It is also conceivable that the echo canceller described in Patent Literature 3 is used to cancel, from a sound signal collected by the microphone, diffracted signals that are output from the plurality of speakers to the microphone in a diffracted manner. However, this echo canceller analyzes, for each of the plurality of speakers, a correlation between an audio signal output from the speaker and a sound signal collected by the microphone, calculates the amount of delay of a diffracted signal that is output from the speaker to the microphone in a diffracted manner, generates a delay signal by delaying the audio signal output from the speaker by that amount of delay, and uses the delay signal to cancel a diffracted signal contained in the sound signal collected by the microphone. A large processing capability is required to implement this processing in real time, resulting in an increase in cost.
The present invention has been made in view of the above-mentioned circumstances, and has an object to provide an audio device capable of receiving a voice operation more reliably even during audio reproduction.
In order to solve the above-mentioned problems, according to one embodiment of the present invention, a voice operation reception microphone collects sound of a test signal output from a speaker separately from audio reproduction, and an echo back parameter for canceling, from the collected sound signal, a diffracted signal that is output from the speaker to the voice operation reception microphone in a diffracted manner is determined based on a delay time and attenuation rate of that sound. Then, the sound signal collected by the voice operation reception microphone during audio reproduction is filtered by the determined echo back parameter, and voice recognition processing is executed for the filtered sound signal, to thereby receive a voice operation.

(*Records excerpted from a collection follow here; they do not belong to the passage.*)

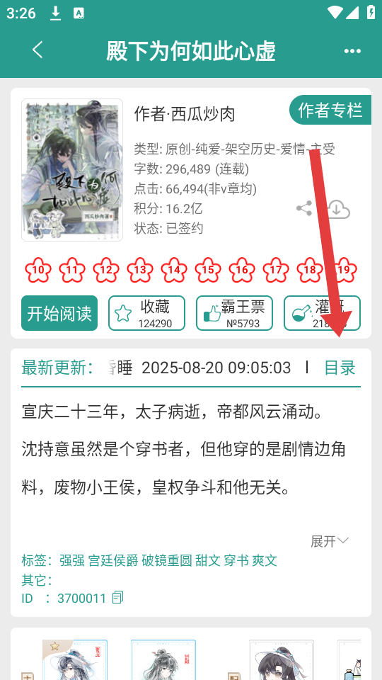 1、在晋江书城的界面,先找到想阅读的小说如示例中殿下为何如此心虚,点击进入小说的详情页面。
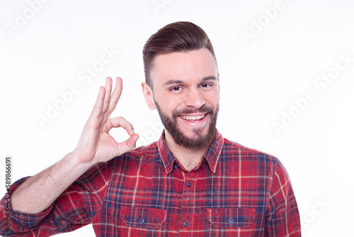 Strong, confident, handsome and bearded man in casual checkered shirt is posing isolated on white background with copy space for text and advertising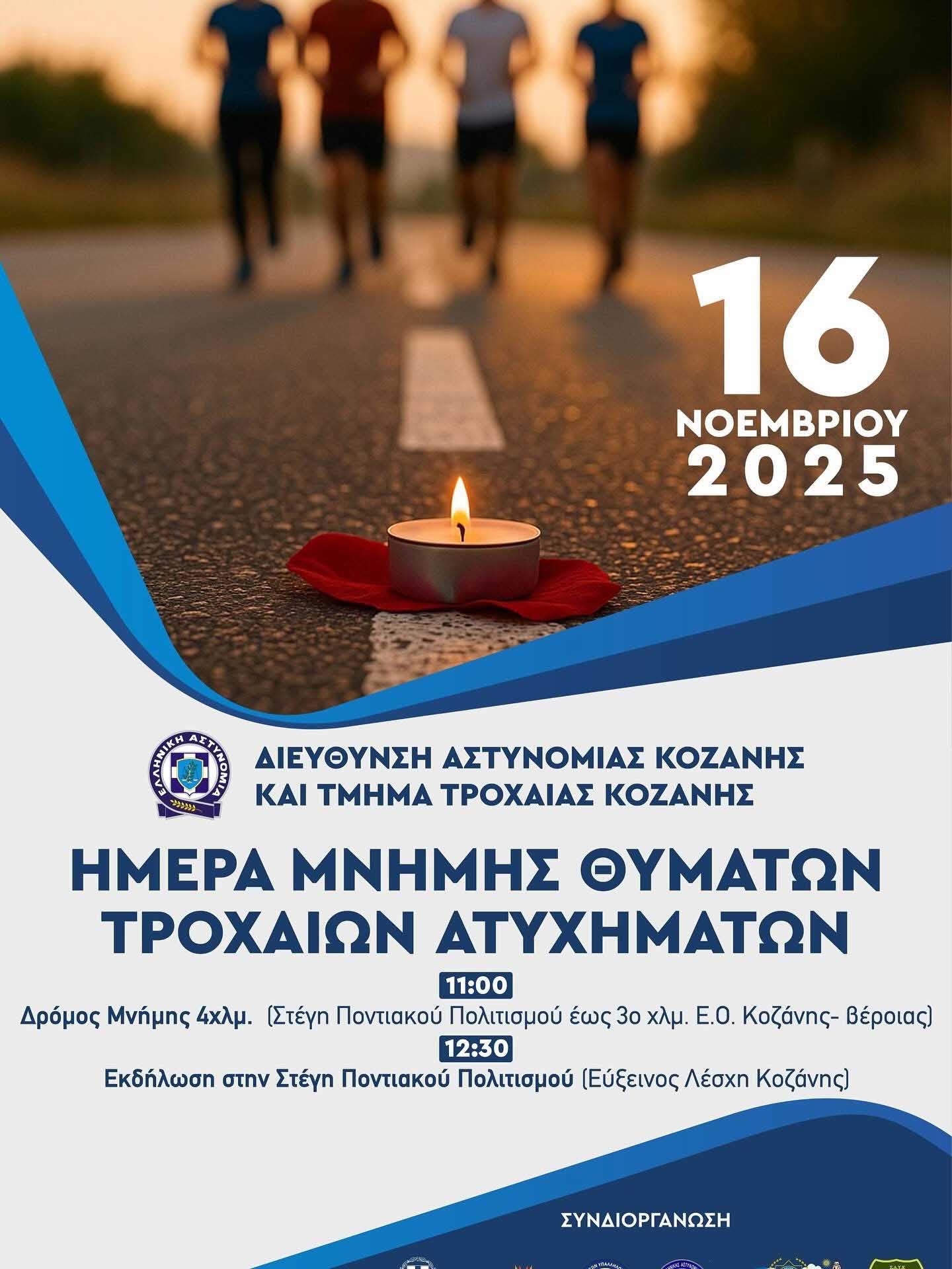 Την Παγκόσμια Ημέρα Μνήμης Θυμάτων Τροχαίων Ατυχημάτων τιμούν για τρίτη συνεχόμενη χρονιά η Διεύθυνση Αστυνομίας Κοζάνης, το Τμήμα Τροχαίας Κοζάνης και η Ένωση Αστυνομικών Υπαλλήλων Κοζάνης, διοργανώνοντας σειρά εκδηλώσεων με τίτλο «Δρόμοι Ασφαλείς για Όλους».

For example, according to one embodiment of the present invention, there is provided an audio device having a function of receiving a voice operation, the audio device including: audio reproduction means for reproducing an audio signal to output the audio signal to a speaker; a voice operation reception microphone for receiving a voice operation from a user; parameter determination means for determining an echo back parameter for canceling a diffracted signal that is output from the speaker to the voice operation reception microphone in a diffracted manner during audio reproduction; filter processing means for filtering a sound signal collected by the voice operation reception microphone during audio reproduction with the echo back parameter determined by the parameter determination means; and voice operation reception means for executing voice recognition processing for the collected sound signal filtered by the filter processing means to receive the voice operation, wherein the parameter determination means is configured to: output a test signal from the speaker; collect the test signal by the voice operation reception microphone; and determine the echo back parameter based on a delay time and attenuation rate of the sound signal collected by the voice operation reception microphone with respect to the test signal.

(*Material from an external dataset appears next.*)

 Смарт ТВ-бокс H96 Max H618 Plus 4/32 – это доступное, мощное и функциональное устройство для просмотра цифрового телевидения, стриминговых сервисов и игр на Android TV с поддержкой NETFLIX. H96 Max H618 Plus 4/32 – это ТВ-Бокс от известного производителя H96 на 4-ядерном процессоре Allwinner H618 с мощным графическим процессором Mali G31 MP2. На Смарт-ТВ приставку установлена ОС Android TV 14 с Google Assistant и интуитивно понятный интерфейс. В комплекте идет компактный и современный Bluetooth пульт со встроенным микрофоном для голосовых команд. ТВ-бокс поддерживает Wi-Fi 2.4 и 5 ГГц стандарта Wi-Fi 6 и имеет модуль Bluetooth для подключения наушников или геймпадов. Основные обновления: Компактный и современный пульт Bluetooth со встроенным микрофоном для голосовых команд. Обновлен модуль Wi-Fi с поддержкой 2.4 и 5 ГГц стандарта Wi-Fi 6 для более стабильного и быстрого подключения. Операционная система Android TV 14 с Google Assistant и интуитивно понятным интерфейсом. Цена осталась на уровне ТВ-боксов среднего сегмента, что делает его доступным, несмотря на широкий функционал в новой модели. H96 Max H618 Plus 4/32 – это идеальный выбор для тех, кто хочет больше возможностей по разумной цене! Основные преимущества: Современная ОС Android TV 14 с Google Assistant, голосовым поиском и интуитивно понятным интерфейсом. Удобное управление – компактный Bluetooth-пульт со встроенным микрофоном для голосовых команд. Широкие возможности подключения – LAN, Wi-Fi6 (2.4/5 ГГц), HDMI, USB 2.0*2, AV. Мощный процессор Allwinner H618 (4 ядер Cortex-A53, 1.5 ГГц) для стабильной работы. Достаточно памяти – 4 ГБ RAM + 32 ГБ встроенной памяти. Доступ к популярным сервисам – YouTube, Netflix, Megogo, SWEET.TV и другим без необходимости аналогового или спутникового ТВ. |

According to the present invention, the sound of the test signal output from the speaker is collected by the voice operation reception microphone and the echo back parameter is determined prior to audio reproduction, o thereby being able to filter the sound signal collected by the voice operation reception microphone during audio reproduction with this echo back parameter, and execute voice recognition processing for the filtered sound signal. Thus, it is possible to improve the voice recognition rate of the user during audio reproduction, to thereby receive a voice operation more reliably during audio reproduction.
Further, according to the present invention, the echo back parameter can be determined prior to audio reproduction, and thus it is possible to alleviate a processing load during audio reproduction, to thereby suppress an increase in processing capability required to receive a voice operation during audio reproduction.

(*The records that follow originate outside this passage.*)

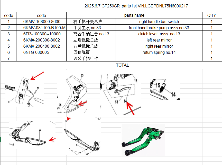 Right handle bar switch/front hand brake pump assy/clutch lever assy /rear mirror and others in the list suit CF250SR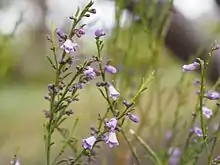 Eremophila dichroantha, also known as bale-hook eremophila, is a flowering plant in the figwort family, Scrophulariaceae and is endemic to the south-west of Western Australia. It is a shrub with many ascending branches making the plant appear broom-like. It has small, hooked leaves and small, though abundant, violet to lilac-coloured flowers.
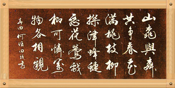 “我就是要規(guī)規(guī)矩矩地按照傳統(tǒng)的套路走,在秉持傳統(tǒng)中不斷升華自己、改造自己和完善自己。藝術(shù)水平如何,應(yīng)由社會大眾來評說。搞藝術(shù)的都是專業(yè)人士,而服務(wù)的對象又多是圈外人士,如果圈外人都認(rèn)可你的書法,就證明你的字已被認(rèn)可。歷史最公平,史上留下的書畫大家的作品,字體都非常漂亮,若是嘩眾取寵,肯定流傳不開!焙慰√锸挚粗貢ǚǘ,不求書法之怪奇,力求書法之俊美。其字體婉態(tài)研華、雋爽明麗,穩(wěn)而不俗、險而不怪、老卻不枯、潤也不肥,化古而出新;其結(jié)體寬博而又氣勢恢宏,骨力遒勁而又氣概凜然,疏密有致而又氣韻生動,大有“點如墜石,畫如夏云,鉤如屈金,戈如發(fā)弩,縱橫有象,低昂有態(tài)”之絕妙。其書法亦剛亦柔,時重時輕,或虛或?qū),不激不厲,欹正相生,章法意境全在其中?BR> 有耕耘,就有收獲。何俊田書法作品曾先后四次入選中國書協(xié)舉辦之國展,其書法作品刻錄于我國26個省(市)碑林、碑廊或人文勝地;被境內(nèi)外眾多藝術(shù)館、博物館收藏;被作為國禮,贈送給烏克蘭前總統(tǒng)克拉夫丘克。何俊田多次應(yīng)邀訪問日本、韓國、加拿大、新加坡及港、澳、臺地區(qū),進(jìn)行書法藝術(shù)交流。據(jù)業(yè)內(nèi)藏家說,何俊田的10米楷書長卷《弟子規(guī)》以10.9萬元成功拍賣后,時隔一年,其6平尺楷書《愛蓮說》又以10萬元成功拍出,其書法作品具有不錯的收藏價值。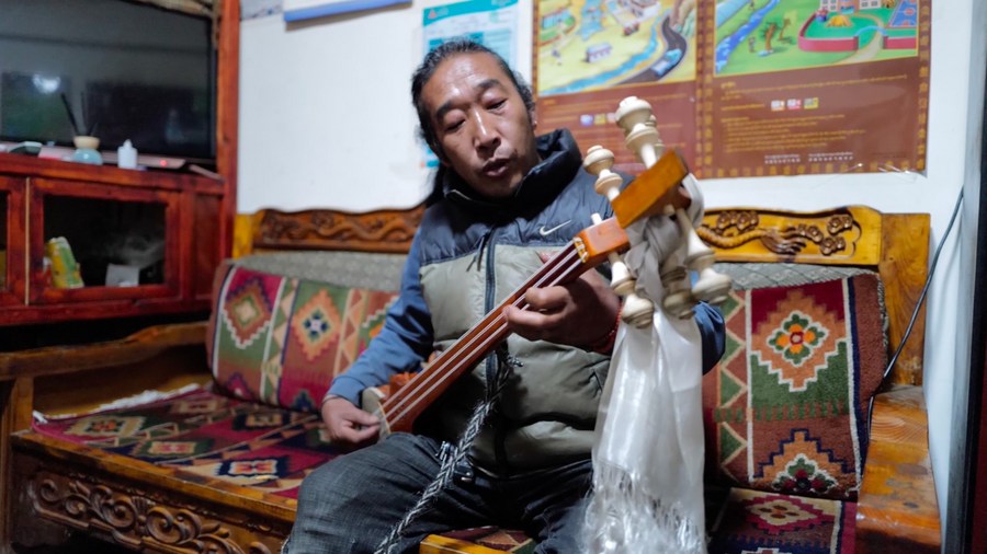 絨轄鄉(xiāng)居民扎西次仁在位于陳塘村的自家甜茶館里彈奏扎念琴(4月10日攝)。新華社記者 劉潁 攝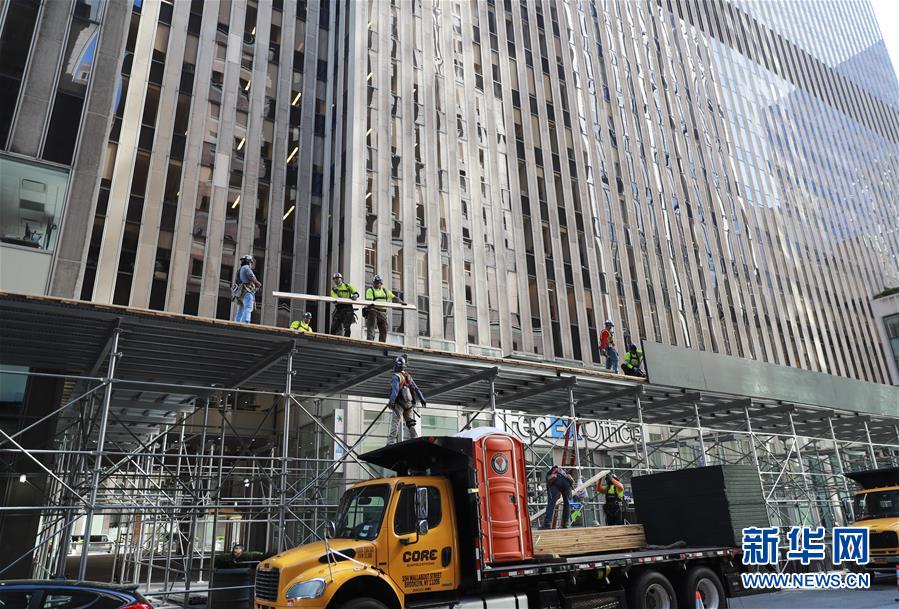 6月8日,工人在美國紐約的一處工地忙碌。在因新冠疫情進(jìn)入“居家令”近三個(gè)月之后,美國紐約市于當(dāng)?shù)貢r(shí)間8日開始“解封”,進(jìn)入經(jīng)濟(jì)重啟的第一階段。新華社記者王迎攝

Now, one embodiment of the present invention is described with reference to the accompanying drawings.
As illustrated in
The multi-channel audio system 1 includes an audio reproduction device 2, a plurality of speakers 3-1 to 3-5 (hereinafter simply referred to as “speaker 3”) connected to the audio reproduction device 2, a sound field measurement microphone 4 to be used for measuring a sound field at a listening position of a user, and a remote controller 5 for remotely operating the audio reproduction device 2. The five speakers 3 are illustrated in
The audio reproduction device 2 includes voice operation reception microphones 20-1 and 20-2 (hereinafter also simply referred to as “voice operation reception microphone 20”), and receives a voice operation by the voice operation reception microphone 20 in addition to a remote operation by the remote controller 5. Then, the audio reproduction device 2 is configured to receive selection of a piece of music data from the user through a remote operation by the remote controller 5 or a voice operation by the voice operation reception microphone 20, and to download the selected piece of music data from the media server 8, to thereby execute multi-channel audio reproduction by using the plurality of speakers 3. In this reproduction, the audio reproduction device 2 is configured to correct an audio signal to be output from each speaker 3 so that the audio signal becomes optimal at the listening position of the user in accordance with an output characteristic parameter of each speaker 3 determined based on the result of measurement of the sound field, which is executed in advance by using the sound field measurement microphone 4.
Further, when measuring the sound field, the audio reproduction device 2 determines an echo back parameter for canceling, from a sound signal collected by the voice operation reception microphone 20, a diffracted signal that is output from each speaker 3 to the voice operation reception microphone 20 in a diffracted manner. Then, during multi-channel audio reproduction, the audio reproduction device 2 is configured to filter the sound signal collected by the voice operation reception microphone 20 in accordance with this echo back parameter, to thereby cancel a diffracted signal contained in the sound signal collected by the voice operation reception microphone 20. As a result, the voice recognition rate of a user voice contained in the sound signal collected by the voice operation reception microphone 20 is improved, and a voice operation can be received even during multi-channel audio reproduction.
As illustrated in
The network interface unit 21 is an interface for communicating to/from the remote controller 5 via the access point 6, or communicating to/from the media server 8 via the access point 6 and the network 7.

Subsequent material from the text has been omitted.